只是,当她离门口尚有一步之距,便觉得有股力将她往后拉。她还未来得及反应,便发现自己已坐在墨渊的大腿上,半躺在他的臂弯中。她这才回想起,她在西海遇溺时,原来墨渊曾用口为她渡气,那时也正是这个姿势。白浅以这个角度仰视着一直敬仰的师父,总觉有股压迫感从上而来。
「离镜身归混沌的那一天,你不是说过不想再逃避吗?为何现在却不肯去面对我的情,以及你自己的心?」
「师父的情……十七从不知……」白浅回避着那炽热的目光,墨渊用手轻托起她的面庞,让她直视自己:「你可知道,我刚才弹的曲子是什么? 」
「十七不知道。」
「那是凤求凰,现在可明白了?」看到白浅惊讶得说不出话的表情,他继续说:「白浅,七万年前,我那句「等我」是对你说的。我争分夺秒地修补元神,就是为了要回来见你,也希望等到我回来后你已明白男女之情。可惜我终究是醒得太迟,那时你已跟夜华两情相悦更订下婚约,我亦只好将情意寄在那雪夜的琴曲中。后来你得回记忆并退了婚,却又要来翼界帮助胭脂,我们又得暂别,然而我愿这次换我等你,等你从情伤中复原、等你完成翼界的事回到我身边、等你的来信、等你明白我的心意。 」
「师父……」听到这里,白浅早已热泪盈眶。她可从没想到,不染凡尘的师父对自己竟是这般心意。
「我已向你表明了我的情意,你也告诉我你的心意好吗?」他一只手握起她的手放在她心口上:「坦诚面对你的真心吧,如果你只愿当我是师父,我便只当你的师父,以后也不再提这件事。」墨渊诚挚的表白令白浅无比动容,只是……
「师父,对不起,十七配不起师父。」一滴泪水从眼角滑下,润泽了那颗夜明珠。
「此话何解?」墨渊扶起这楚楚可怜的小狐狸,让她靠在自己的肩膊上,平视着她。
「师父是父神嫡子,掌乐司战之神;十七学艺不精,又常常闯祸,连飞升上仙的劫也是师父挡的,还连累师父生祭东皇钟,怎么配得起师父呢?」水汪汪的大眼睛中满是难过。

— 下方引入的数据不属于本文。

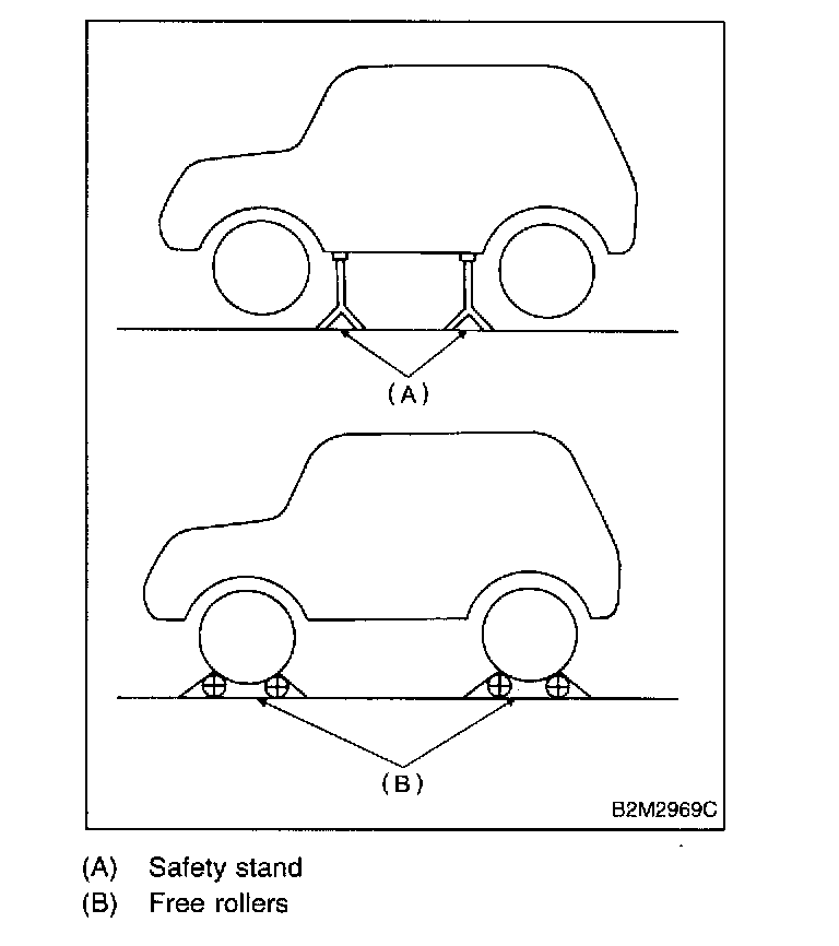 ^ In order to prevent the vehicle from slipping due to vibration, do not place any wooden blocks or similar items between the safety stands and the vehicle.
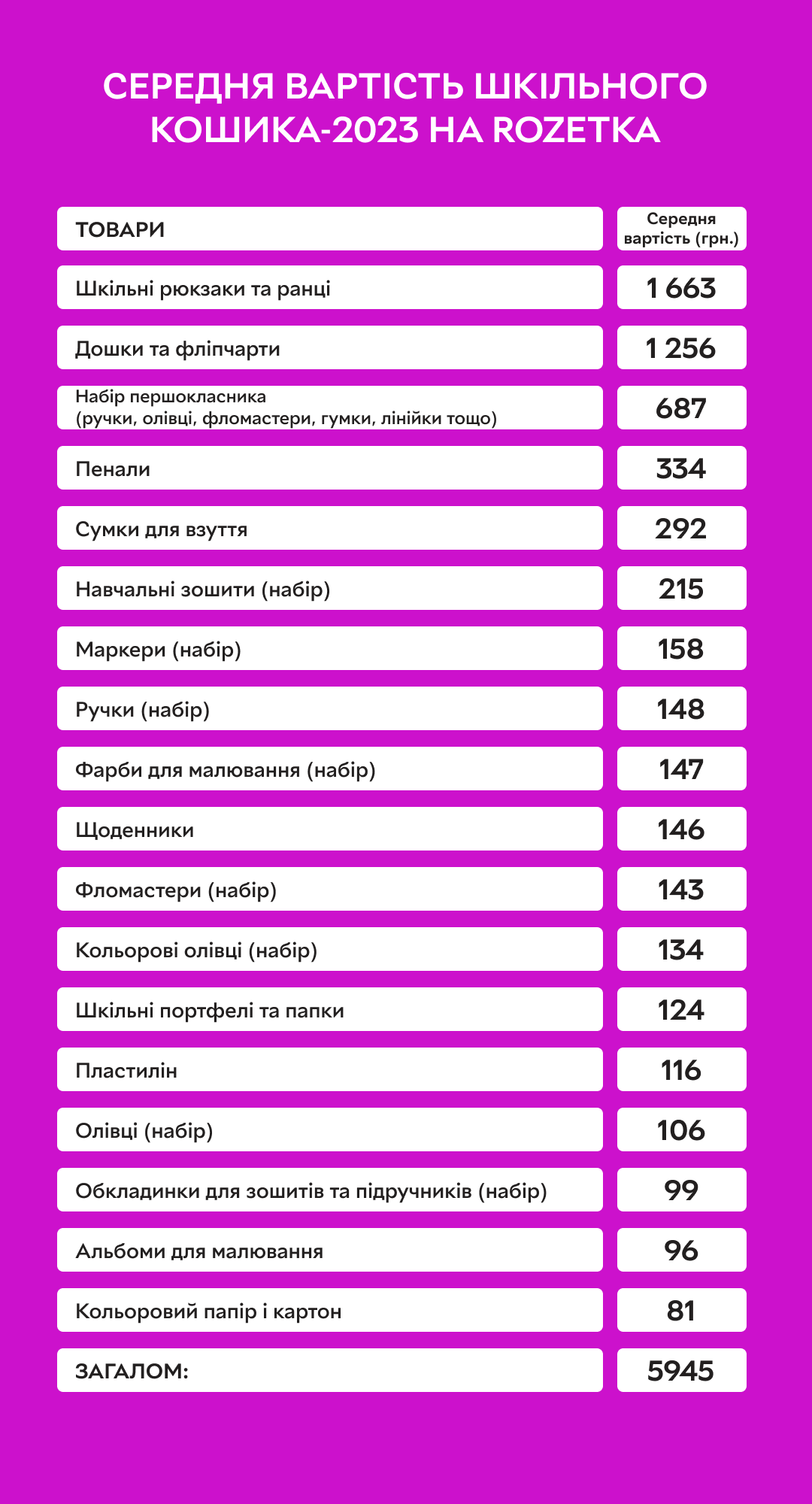 В 2023 году средняя стоимость школьной корзины на Rozetka составляет 5945 грн. Дороже всего обойдутся школьные рюкзаки и ранцы, доски и флипчарты и наборы первоклассника. Дешевле всего ― обложки для тетрадей и учебников, альбомы для рисования, цветная бумага и картон.
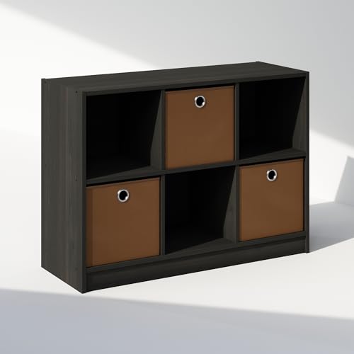 Furinno - Cubic Multipurpose Clothing & Closet Storage Organizer Shelf with Bin Drawers, 6-Cube - Espresso/Brown
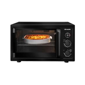 Forno elétrico de bancada com 50L de capacidade, 1800W de potência, grill dourador, luz interna, timer com autodesligamento e função manter aquecido. Interior Total Clean e isolamento térmico inteligente.Forno autolimpante

「你不也是四海八荒第一绝色吗?而且又是青丘女君,更再次封印了东皇钟,为四海八荒解厄。在我魂飞魄散之后,你也为我取了七万年心头血保我仙身。如果连你也配不上,四海八荒还有哪位女仙配得上我?」
「这...... 应该没有吧。」当年她可是觉得即使是瑶光上神也配不上她师父的。
「其实即使你并非四海八荒第一绝色、不是青丘女君、没有封印东皇钟、甚至不曾为我取心头血也不要紧。我俩心意相通不也就够了吗?」
「师父。」白浅十分感动,但仍有些犹豫:「我们可是师徒,我又退过两次婚。师父原是受四海八荒景仰的,岂可为了十七备受非议?」
「我墨渊何曾畏过人言?」理直气壮的气度,一如七万年前;他,确实一直没变。
「只是,」白浅心中最介怀的却是那件事:「我跟夜华曾有些过去,还生了孩子…..」
「那只是歴劫,凡间事,凡间了。」墨渊轻抚她的脸颊,淡然地说。
「不是的,即使歴劫那段不作数,十七亦已非完璧。」白浅的泪水像断了线的珍珠:「都怪十七以往太随便,师父这么完美,应该找个玉洁冰清的女子才是。」
「我不介意。」墨渊温柔地用绣帕替她印干眼泪:「神仙岁月悠长,总会有些过去。如果我跟别的女仙有过去,你会嫌弃我吗?」
「十七不会的。」
「我也不会。」墨渊坚定而真诚地说:「即使我不是你的第一个,但我们可以成为彼此今后的唯一,这样也就很好了。」继而郑重地问道:「你可愿成为我今后的唯一?」
墨渊的胸怀气度再一次令白浅叹服,感动地说:「我真的可以接受吗?」
「只要你心里有我就可以,告诉我你的真心。」再握着她的手放在心口上。白浅回想他们这些年来的经歴,心中已有答案。她有些害羞,于是勾着他的脖子凑到他耳边说:「十七心中一直有师父,只是以前不开窍,以为是像对家人的亲近,以为那七万年等候是报恩,其实心中早已对师父动了情而不自知,也不敢承认。十七很想以后长久伴着师父,每天让师父牵着去散步,靠在师父身旁听师父弹琴,还有……」说着面都红透了。
「还有什么?」墨渊把她的腰再圈紧一些,让她紧贴自己。
「像现在这样。」以及像今早那样。
墨渊心道这害羞的小狐狸真是可爱,托住她的后脑,用额头紧贴着她的额,问道:「回答我,你愿意成为我今后的唯一,也让我成为你今后的唯一吗?」
「我愿意。」
我愿意,这三个字没有一个是合着嘴唇发音的,但是说出来之后,两人的嘴唇便贴在一起。这不是她的初吻,但这是以后唯一可以跟她接吻的男子。白浅依稀记得,夜华的吻很热炽霸道,像要把她占有,她也就半推半就地接受了;但墨渊的吻是温柔内敛,充满了对她的怜惜,使她想主动跟他融合。七万年的等待,令这个吻不只是□□的交流,而是灵魂的契合。
夜已过半,窗外阴霾尽散,夜空清朗。而他们沉醉于彼此唇舌间的甜蜜,未有闲情留意屋外繁星点点。